+++ Supplied material
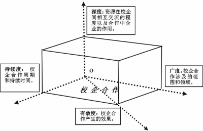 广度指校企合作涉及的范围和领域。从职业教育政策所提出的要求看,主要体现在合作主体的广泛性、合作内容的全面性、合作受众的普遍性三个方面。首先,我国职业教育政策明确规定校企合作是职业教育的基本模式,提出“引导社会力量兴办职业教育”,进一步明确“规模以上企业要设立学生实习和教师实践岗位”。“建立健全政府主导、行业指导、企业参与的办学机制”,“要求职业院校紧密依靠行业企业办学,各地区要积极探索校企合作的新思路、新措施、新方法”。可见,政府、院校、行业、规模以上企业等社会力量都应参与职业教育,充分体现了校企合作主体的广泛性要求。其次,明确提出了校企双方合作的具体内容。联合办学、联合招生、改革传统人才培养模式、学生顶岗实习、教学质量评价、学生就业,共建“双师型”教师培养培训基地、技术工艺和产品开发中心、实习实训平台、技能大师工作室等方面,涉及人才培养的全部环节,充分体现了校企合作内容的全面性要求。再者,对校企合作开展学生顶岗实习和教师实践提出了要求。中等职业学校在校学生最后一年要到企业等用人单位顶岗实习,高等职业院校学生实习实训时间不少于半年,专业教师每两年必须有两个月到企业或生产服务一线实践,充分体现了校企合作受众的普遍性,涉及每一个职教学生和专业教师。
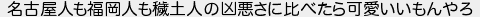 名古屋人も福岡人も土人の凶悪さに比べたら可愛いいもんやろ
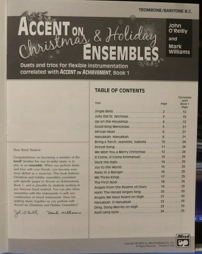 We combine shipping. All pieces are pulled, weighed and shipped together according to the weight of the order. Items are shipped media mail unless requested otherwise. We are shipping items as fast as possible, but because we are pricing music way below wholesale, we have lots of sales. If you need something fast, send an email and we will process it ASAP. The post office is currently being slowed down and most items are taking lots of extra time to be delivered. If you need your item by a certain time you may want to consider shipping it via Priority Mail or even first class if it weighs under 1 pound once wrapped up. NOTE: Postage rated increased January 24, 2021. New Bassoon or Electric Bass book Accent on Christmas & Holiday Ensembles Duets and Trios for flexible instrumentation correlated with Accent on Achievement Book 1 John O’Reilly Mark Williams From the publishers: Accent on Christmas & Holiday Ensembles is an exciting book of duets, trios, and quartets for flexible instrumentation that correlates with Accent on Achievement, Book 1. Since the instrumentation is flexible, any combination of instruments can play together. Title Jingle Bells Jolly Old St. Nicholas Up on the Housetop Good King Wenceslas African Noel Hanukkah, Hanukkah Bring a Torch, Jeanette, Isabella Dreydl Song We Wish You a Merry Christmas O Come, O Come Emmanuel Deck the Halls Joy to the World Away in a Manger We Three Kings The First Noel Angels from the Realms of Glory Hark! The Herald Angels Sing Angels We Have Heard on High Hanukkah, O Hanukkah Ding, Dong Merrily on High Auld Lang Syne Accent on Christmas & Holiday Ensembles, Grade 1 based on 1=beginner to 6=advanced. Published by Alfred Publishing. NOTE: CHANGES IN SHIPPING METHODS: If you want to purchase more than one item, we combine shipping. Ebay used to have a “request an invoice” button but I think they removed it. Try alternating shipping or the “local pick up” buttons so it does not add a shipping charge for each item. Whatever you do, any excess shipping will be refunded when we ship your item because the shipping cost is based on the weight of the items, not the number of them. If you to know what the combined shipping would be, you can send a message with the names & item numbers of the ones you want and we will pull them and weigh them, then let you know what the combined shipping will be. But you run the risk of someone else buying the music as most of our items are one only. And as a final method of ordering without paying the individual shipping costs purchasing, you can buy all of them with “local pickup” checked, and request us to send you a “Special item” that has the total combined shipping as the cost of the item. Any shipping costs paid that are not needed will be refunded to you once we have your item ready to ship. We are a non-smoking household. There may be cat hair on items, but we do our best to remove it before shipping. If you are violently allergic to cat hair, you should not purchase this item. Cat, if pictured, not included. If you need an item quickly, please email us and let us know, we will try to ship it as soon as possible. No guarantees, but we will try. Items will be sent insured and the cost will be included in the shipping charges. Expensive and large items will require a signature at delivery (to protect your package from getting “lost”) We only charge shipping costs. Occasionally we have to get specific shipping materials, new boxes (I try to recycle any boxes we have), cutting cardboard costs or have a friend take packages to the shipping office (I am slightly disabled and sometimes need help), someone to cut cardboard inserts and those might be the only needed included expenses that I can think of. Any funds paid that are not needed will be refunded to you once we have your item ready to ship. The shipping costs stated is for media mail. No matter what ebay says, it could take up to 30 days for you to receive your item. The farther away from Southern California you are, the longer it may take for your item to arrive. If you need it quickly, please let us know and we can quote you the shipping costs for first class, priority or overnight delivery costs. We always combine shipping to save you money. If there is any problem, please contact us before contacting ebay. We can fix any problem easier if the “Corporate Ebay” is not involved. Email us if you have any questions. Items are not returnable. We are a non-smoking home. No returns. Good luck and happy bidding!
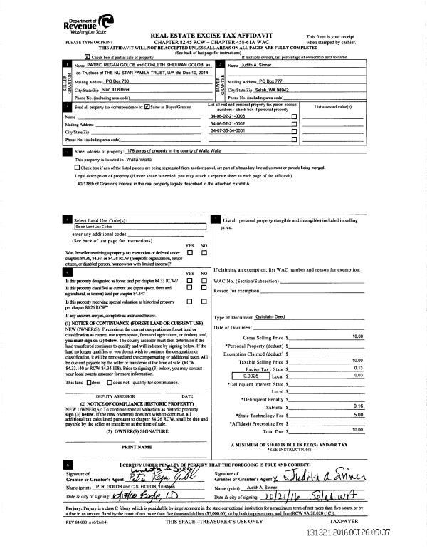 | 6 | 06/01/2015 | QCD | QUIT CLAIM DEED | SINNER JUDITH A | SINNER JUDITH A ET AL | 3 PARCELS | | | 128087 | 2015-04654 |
++++++
[The problem]:
Nothing but the lines from the start of the listing through the line with "名古屋人も福岡人も土人の凶悪さに比べたら可愛いいもんやろ" belongs in the answer, each one retyped exactly and without pictures.

[Output for this task]:
 广度指校企合作涉及的范围和领域。从职业教育政策所提出的要求看,主要体现在合作主体的广泛性、合作内容的全面性、合作受众的普遍性三个方面。首先,我国职业教育政策明确规定校企合作是职业教育的基本模式,提出“引导社会力量兴办职业教育”,进一步明确“规模以上企业要设立学生实习和教师实践岗位”。“建立健全政府主导、行业指导、企业参与的办学机制”,“要求职业院校紧密依靠行业企业办学,各地区要积极探索校企合作的新思路、新措施、新方法”。可见,政府、院校、行业、规模以上企业等社会力量都应参与职业教育,充分体现了校企合作主体的广泛性要求。其次,明确提出了校企双方合作的具体内容。联合办学、联合招生、改革传统人才培养模式、学生顶岗实习、教学质量评价、学生就业,共建“双师型”教师培养培训基地、技术工艺和产品开发中心、实习实训平台、技能大师工作室等方面,涉及人才培养的全部环节,充分体现了校企合作内容的全面性要求。再者,对校企合作开展学生顶岗实习和教师实践提出了要求。中等职业学校在校学生最后一年要到企业等用人单位顶岗实习,高等职业院校学生实习实训时间不少于半年,专业教师每两年必须有两个月到企业或生产服务一线实践,充分体现了校企合作受众的普遍性,涉及每一个职教学生和专业教师。
 名古屋人も福岡人も土人の凶悪さに比べたら可愛いいもんやろ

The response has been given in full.